List of AWS services that push metrics into CloudWatch: https://docs.aws.amazon.com/AmazonCloudWatch/latest/monitoring/aws-services-cloudwatch-metrics.html

Refer to AWS : Serverless post to create a simple Lambda for testing CloudWach.

How to use CloudWatch

This is the overview > metrices

You see the list of namespaces. Lambda is one of them.

CloudWatch Alert [Source]

  • cloudwatch doesn’t alert you
  • cloudwatch alert inform you
  • Proper alerting will help you keep tabs on your systems and will help you meet your SLAs
  • Alerting in ways that bring attention to important issues will keep everyone informed and prevent your customers from being the ones to inform you of problems
  • CloudWatch Alarms integrates with CloudWatch Metrics
  • Any metric in CloudWatch can be used as the basis for an alarm
  • These alarms are sent to SNS topics, and from there, you have a whole variety of options for distributing information such as email, text message, Lambda invocation or third party integration.
  • Alerting when problems occur is critical, but alerting when problems are about to occur is far better.
  • Understanding the design and architecture of your platform is key to being able to set thresholds correctly
  • You want to set your thresholds so that your systems are quiet when the load is within their capacity, but to start speaking up when they head toward exceeding their capacity. You will need to determine how much advanced warning you will need to fix issues.
Always try to configure the alert in a way that you have a weekend to solve the problem if it’s utilization

Example: create a Lambda function and set up an alert on a Lambda functions invocation in CloudWatch Alarms to email you anytime that the Lamdba is run.

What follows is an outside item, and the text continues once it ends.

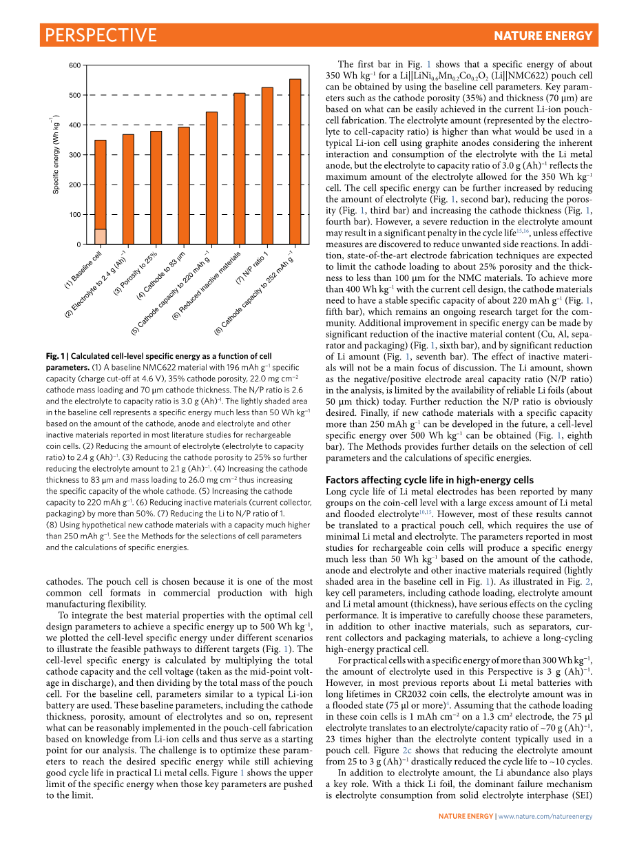 在这里我们提供了一个电池级别的分析,我们认为可充电锂金属电池达到一个高于350 Wh kgminus;1、达到500 Wh kgminus;1比能的关键条件,是使用高容量阴极,如基于软包电池形式的高镍含量的锂镍钴锰氧化物(高镍NMC)(Nige;60%)。我们讨论了提高电池能量和循环寿命所需的电池级别的参数。与其提供一个对锂金属阳极、阴极和电解质性质与进展的完整回顾或总结,我们强调了导致电池的短循环寿命和限制活性材料全部容量的充分利用的因素,并确定了延长整个电池循环寿命的关键策略。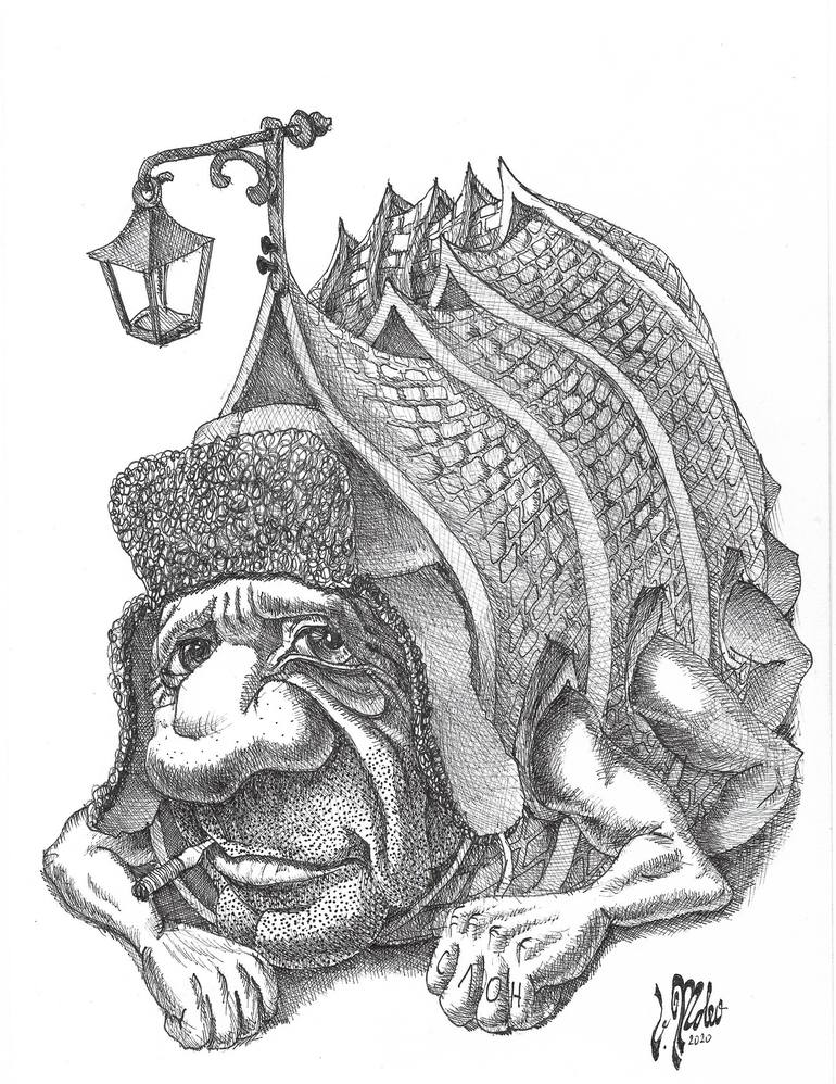 "Caterpillar GULAGus vulgaris" 2020 28x21cm Rapidograph on Papir This work is a unique original work of art - Painting by Victor Molev (Canada), Ink on Paper. The work has a rectangular shape, Its dimensions are 28x21 cm. The artist's signature is present on the artwork.

Solution has been recorded in video

Recovering From Failure by using CloudTrail 

The key to recovering from failure is identifying the root cause as well as how and who/what triggered the incident.

We can log

  • management events (first copy of management events is free of charge but extra copies arre each 2$ for 100,000 write management events [Source])
  • data events (pay $0.10 per 100,000 data events)

You will be able to refer to this CloudTrail log for a complete history of the actions taken in your AWS account. You can also query these logs with Amazon Athena, which lets you filter through large amounts of data with ease.

Automating recovery

Automating service recovery and creating “self-healing” systems can take you to the next level of system architecture. Some solutions are quite simple. Using autoscaling within AWS, you can handle single instance/server failures without missing a beat. These solutions will automatically replace a failed server or will create or delete servers based on the demand at any given point in time.

Beyond the simple tasks, many types of failure can be automatically recovered from, but this can involve significant work. Many failure events can generate notifications, either directly from the service, or via an alarm generated out of CloudWatch. These events can have a Lambda function attached to them, and from there, you can do anything you need to in order to recover the system. Do be cautious with this type of automation where you are, in essence, turning over some control of the platform – to the platform. Just like with a business application, there can be defects. However, as with any software, proper and thorough testing can help ensure a high-quality product.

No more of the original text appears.